Streaming is fully supported — traces are captured after the stream completes.

2. MCP Server (for Claude Code / AI IDEs)

Connect TraceBase as an MCP server. Claude Code automatically recalls before solving and stores after solving.

npx tracebase serve --mcp

Add to ~/.claude/claude_desktop_config.json:

{
  "mcpServers": {
    "tracebase": {
      "command": "npx",
      "args": ["tracebase", "serve", "--mcp"]
    }
  }
}

Claude Code gets two key tools:

• recall — "Before solving any problem, check institutional memory"
• store — "After solving any problem, save the solution for future agents"

3. Direct SDK

Full control over when to store and recall.

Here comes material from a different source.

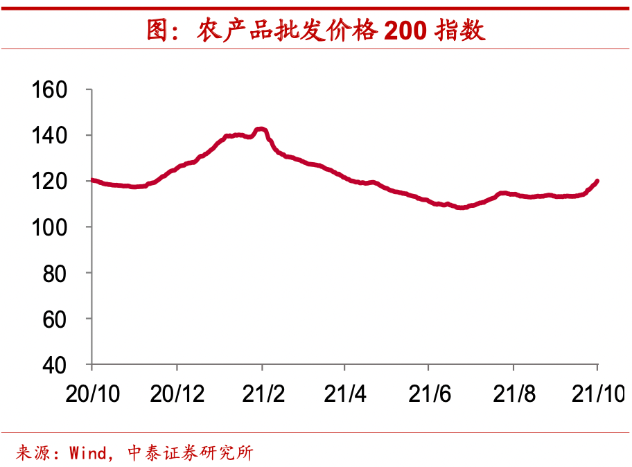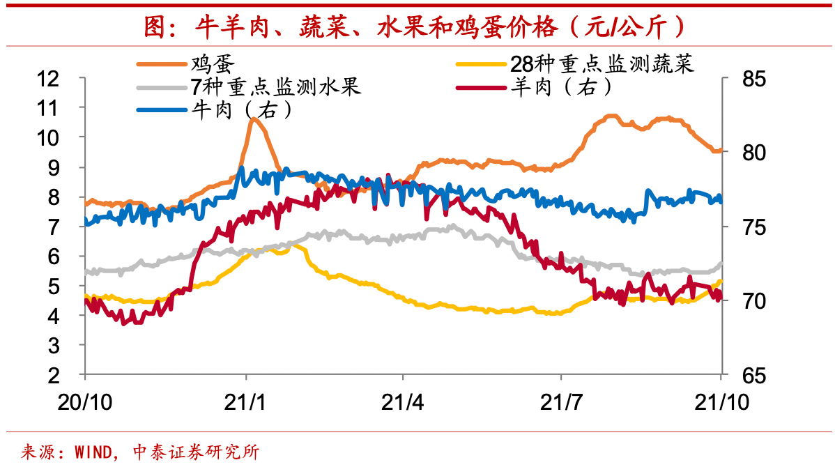本周28种重点监测蔬菜、7种重点监测水果价格均值环比上行,分别上升4.8%和2.6%;羊肉、鸡蛋均值环比分别下滑0.3%和1.3%;10月牛肉、蔬菜、水果平均价格上行,羊肉和鸡蛋价格下行。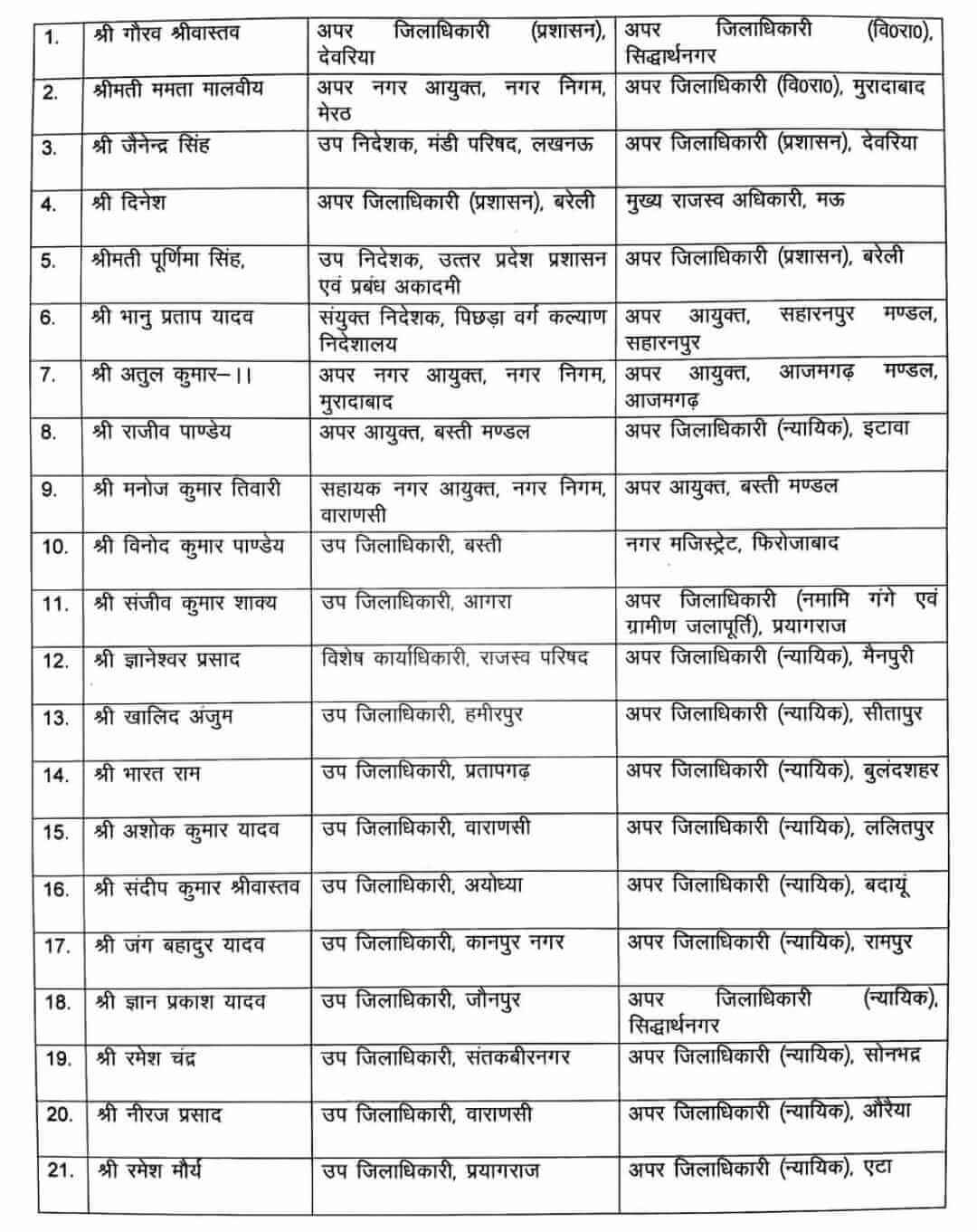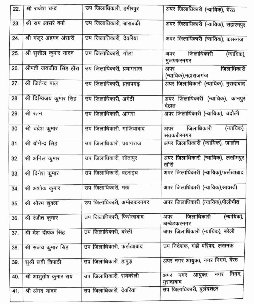 - आगरा के उपजिलाधिकारी संजीव कुमार शाक्य को अपर जिलाधिकारी प्रयागराज।

import { ReasoningLayer } from "tracebase-ai";

const layer = new ReasoningLayer();

// Store
layer.storeTrace({
  problem: {
    description: "ECONNREFUSED when calling payment API",
    errorType: "ECONNREFUSED",
    language: "typescript",
    framework: "express",
    tags: ["api", "payments"],
  },
  solution: {
    summary: "Payment service container crashed — restarted via docker compose",
    steps: [
      { type: "analysis", description: "Checked logs, saw connection refused on port 3001" },
      { type: "action", description: "docker compose restart payments" },
      { type: "verification", description: "Confirmed API responding" },
    ],
    outcome: "success",
    explanation: "The payments service OOMed due to a memory leak in webhook handler",
  },
});

// Recall
const results = layer.recall({
  problem: "Connection refused to payment service",
  context: { language: "typescript", framework: "express" },
});

// Each result includes signal breakdown
console.log(results[0].signals);
// { fingerprint: 0, bm25: 0.72, jaccard: 0.45, structural: 0.38, cosine: 0 }

// Feedback improves future recalls (Thompson Sampling)
layer.feedback(results[0].trace.id, true);

layer.close();

How It Works

The Recall-Before-Call Loop

User message arrives
        │
        ├── 1. recall()  ──── fingerprint match? ──── O(1) index lookup
        │                ──── FTS5 BM25 search   ──── full-text ranking
        │                ──── structural filter   ──── language/framework/error
        │                ──── cosine similarity   ──── (when embeddings enabled)
        │
        ├── 2. Score ≥ 0.72?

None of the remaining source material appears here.